Stott W T, Young J T, Calhoun L L, Battjes J E
Mammalian and Environmental Toxicology Research Laboratory, Dow Chemical Company, Midland, Michigan 48674.
Fundam Appl Toxicol. 1988 Aug;11(2):207-20. doi: 10.1016/0272-0590(88)90145-5.
In order to provide a comprehensive subchronic inhalation toxicity study of the soil fumigant, technical grade 1,3-dichloropropene (DCPT), male and female Fischer 344 rats and B6C3F1 mice were exposed to 0, 10, 30, 90, or 150 ppm DCPT vapors 6 hr/day, 5 days/week for 13 weeks. The primary target tissues of inhaled DCPT were identified as the nasal mucosa of both sexes of rats and mice, and the urinary bladder of female mice. In addition, depressed growth rates of all animals exposed to 90 or 150 ppm DCPT (up to 20% in rats and 12% in mice) resulted in a variety of alterations in hematologic and clinical chemistry parameters, and changes in organ weights relative to controls. Nasal mucosal effects consisted of a dose-related slight degenerative effect of nasal olfactory epithelium or a mild hyperplasia of the respiratory epithelium or both in all animals exposed to 90 or 150 ppm and 2 of 10 male rats exposed to 30 ppm DCPT. Some focal areas of respiratory metaplasia were also noted in high exposure group mice. Urinary bladder effects consisted of a diffuse, moderate hyperplasia of the transitional epithelium in female mice exposed to 90 or 150 ppm DCPT. No treatment-related effects were observed in rats or mice exposed to 10 ppm DCPT vapors.
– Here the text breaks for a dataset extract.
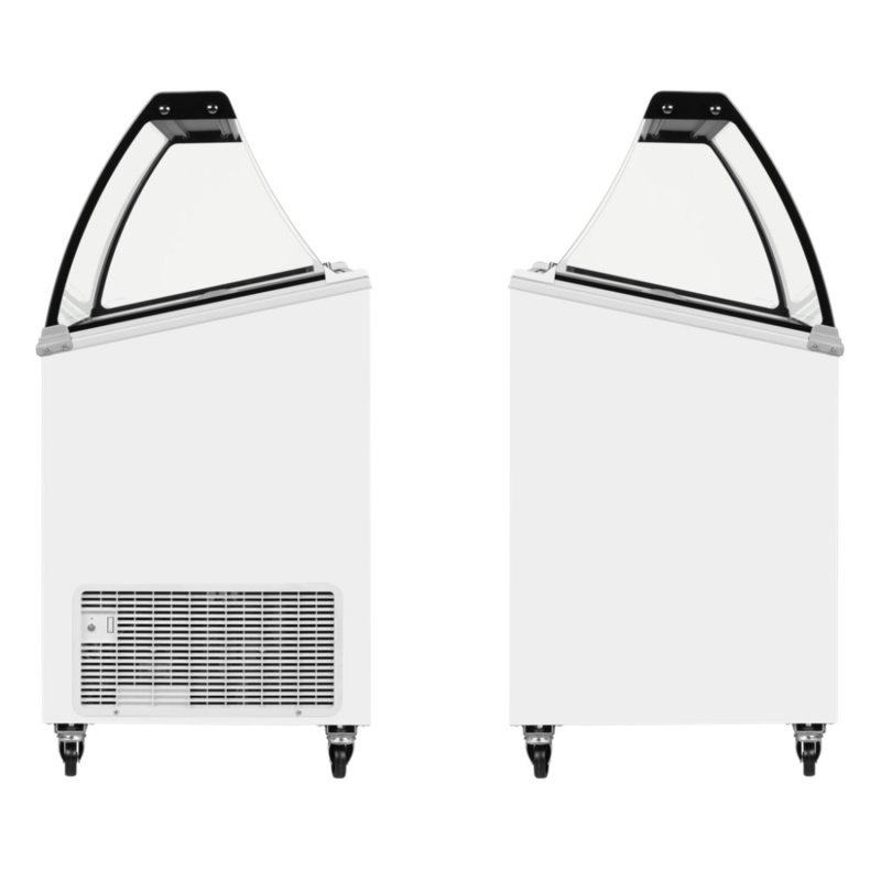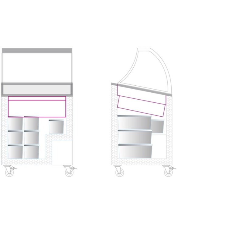Modelul de vitrina congelare pentru inghetata cu vanzare asistata ICE SCE+SO este un echipament conceput pentru a oferi posibilitatea de comercializare a produselor Ice Crem pentru cei cu un buget mai redus de investitii in echipamente .Dimensiunile variate pentru expunerea de la 4 la 12 cuve de expunere ofera posibilitatea de a alege varianta corespunzatoare conform sortimentelor pe care le doriti a oferi clientilor .Vitrinele ofera si un spatiu de depozitare sub suporturile de cuve unde se pot plasa conform dimensiunilor echipamentelor intre 7 si 22 de sortimente.Temperatura realizata -24...-14*C .Racire statica .Agent frigorific Ecologic R600 .Termostat mecanic Decongelare manuala .Culoare exterioara alb ..interior alb. Suprafatele exterioare permite o branduire maxima .

为了对土壤熏蒸剂工业级1,3 - 二氯丙烯(DCPT)进行全面的亚慢性吸入毒性研究,将雄性和雌性Fischer 344大鼠以及B6C3F1小鼠,每天暴露于0、10、30、90或150 ppm的DCPT蒸气中6小时,每周5天,持续13周。吸入DCPT的主要靶组织被确定为大鼠和小鼠两性的鼻粘膜以及雌性小鼠的膀胱。此外,所有暴露于90或150 ppm DCPT的动物(大鼠高达20%,小鼠高达12%)生长速率降低,导致血液学和临床化学参数出现各种改变,以及器官重量相对于对照组发生变化。鼻粘膜效应包括在所有暴露于90或150 ppm的动物以及10只暴露于30 ppm DCPT的雄性大鼠中的2只中,鼻嗅觉上皮出现与剂量相关的轻微退行性效应或呼吸上皮轻度增生或两者皆有。在高暴露组小鼠中还观察到一些局灶性呼吸化生区域。膀胱效应包括暴露于90或150 ppm DCPT的雌性小鼠中移行上皮的弥漫性、中度增生。暴露于10 ppm DCPT蒸气的大鼠或小鼠未观察到与处理相关的效应。